ConclusionThe purpose of this paper was to use Hegel's questions about the Christian
underpinning of the modern notion of rights to reach a better understanding of Berman's
historical research into legal developments in the medieval ages.
Hegel's questions suggest that we should look for the roots of the modern notion of
right, not in secular theories of human beings intrinsic value, but in the Christian notion of
inner faith.
It seems plausible to think that Christianity's new emphasis on the normative
importance of the individual relation to God could give rise to a the idea that the individual
was somehow entitled to legal and political protections, and that this idea in turn could give
rise to the conception of a legal and political order that is normatively grounded in the
individual. Hobbes provides a point of orientation for what this transformation would mean,
but Hegel's thesis raises the question of how and when such a transformation could have
happened historically.
Hegel's own answer to this question is that this transformation was brought into
motion in the Reformation. He argues first that the Lutheran doctrine turned spiritual
attention away from the outward objects of belief -the worship of the saints or blind
performance of rituals- and inward towards the subjective will and secondly that the
transformation inherent in Luther's doctrine could not be confined to the church because the
implicit revelation of human beings as essentially equal and free necessarily caused a
demand for a state-structure that corresponded to and enabled the realization of that
subjective freedom.
While we embrace Hegel's overall thesis we argue that Hegel's analysis overlooks
important developments in medieval canon law, and that these developments paved the way
for the political and legal connotations of Luther's doctrine.
Relying on Berman's research we argue that it is reasonable to trace the legal
transformation of a Christian notion of inwardness to the Papal Revolution in the late 11th
Century which gave rise to an extensive development of ecclesiastical law.
21
An important result of this ecclesiastical development was the canon law of crimen
which resulted in a new legal systematic articulated through the distinction between criminal
and non-criminal sins. The development of the canon law of crimen was motivated by the
new understanding of the Last Judgement and the importance of being purged of sin.

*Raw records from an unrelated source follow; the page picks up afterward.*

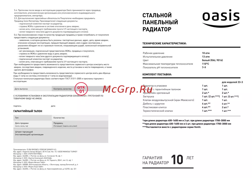 Oasis OV-33-5-10Инструкция по эксплуатации -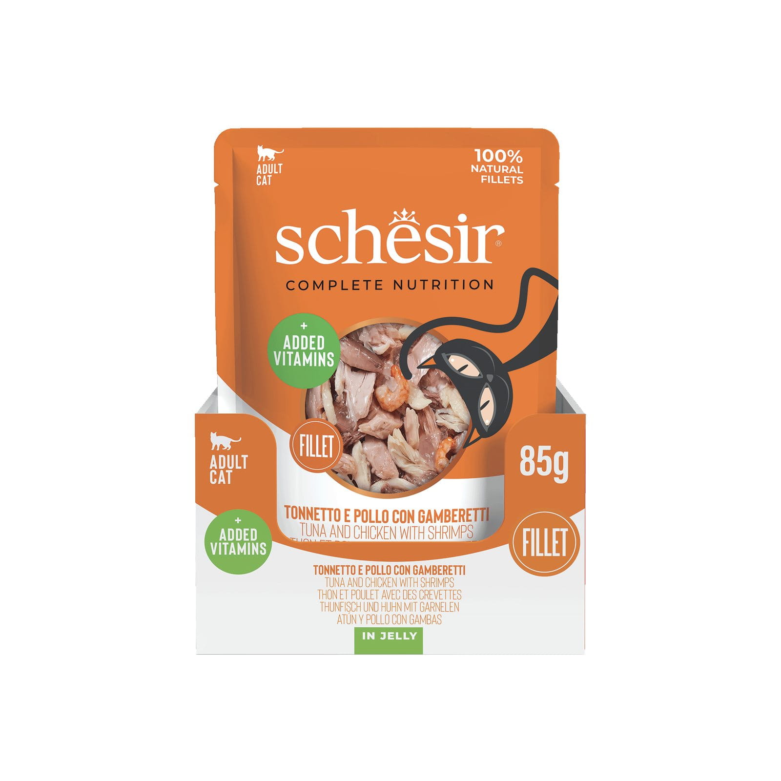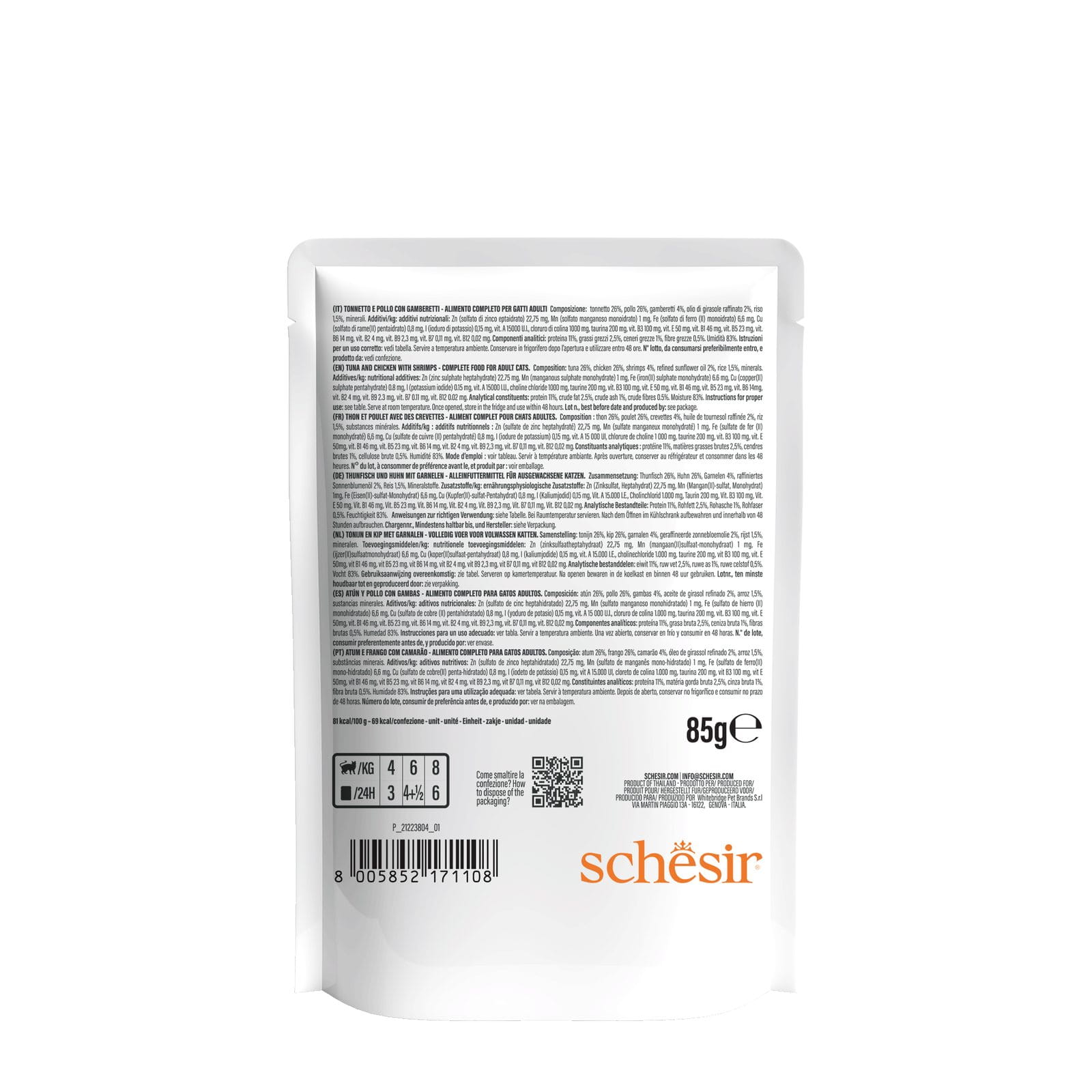 SCHESIR C&B KOT POUCH TUŃCZYK Z KURCZAKIEM I KREWETKAMI FILETY GALARETKA 85g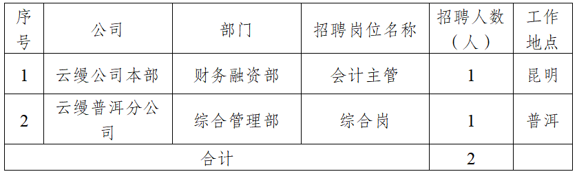 (二)云南云缦汽车旅游投资有限公司招聘岗位需求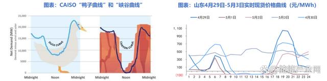 國內(nèi)以山東為代表的部分省份同樣有明顯的填谷需求。山東裝機(jī)結(jié)構(gòu)與CAISO相似,截至22年底,光伏裝機(jī)占比達(dá)到22.5%。在2023年五一假期期間,山東省內(nèi)用電負(fù)荷下降約15%,引發(fā)連續(xù)負(fù)電價(jià)現(xiàn)象。值得注意的是,4月29日-5月1日現(xiàn)貨價(jià)格曲線形狀類似鴨子曲線,期間10時(shí)-15時(shí)負(fù)電價(jià)出現(xiàn)尤為頻繁,而該時(shí)段為光伏發(fā)電高峰。

The
purpose of the canon law of crimen was thus to punish individual sinners in order to restore
them to God. In contradiction to traditional natural law accounts the immediate purpose of
the canon law was not to bring about an (objective) right condition instead the very purpose
and ultimate aim of this law was the salvation of the individual soul.
Further, in the canon law of crimen a private realm (secret sins) was carved out of
law, not because secret sins are normatively irrelevant but because they were viewed as
unreachable by (human) law. In this way the canon law of crimes developed a legal
conceptualization of something inherently private by specifying the private realm of secret
sins as a limitation within law itself.
Hegel does not recognise the significance of medieval legal developments because
of his dismissive account of the medieval ecclesiastical law. Further, due to his historical
focus Berman does not recognize the philosophical significance of his account of the
medieval law of crimen, namely that the law gives rise, for the first time in history, to the idea
that law can and should be normatively grounded in the individual.
Whith this in mind we can finally return to the beginning and ask: was there a legal
conception of subjective freedom in the medieval ages? The answer to this question has to
be no: the medieval canon law does not embrace anything that could reasonably be
identified with a legal notion of subjective freedom articulated through a modern notion of
right. That been said Berman's account of the development of medieval criminal law, and the
acknowledgement of a legal unity -the medieval canon law of crimen- that was normatively
grounded in individuality, proves that the question is not as absurd as it might appear at first.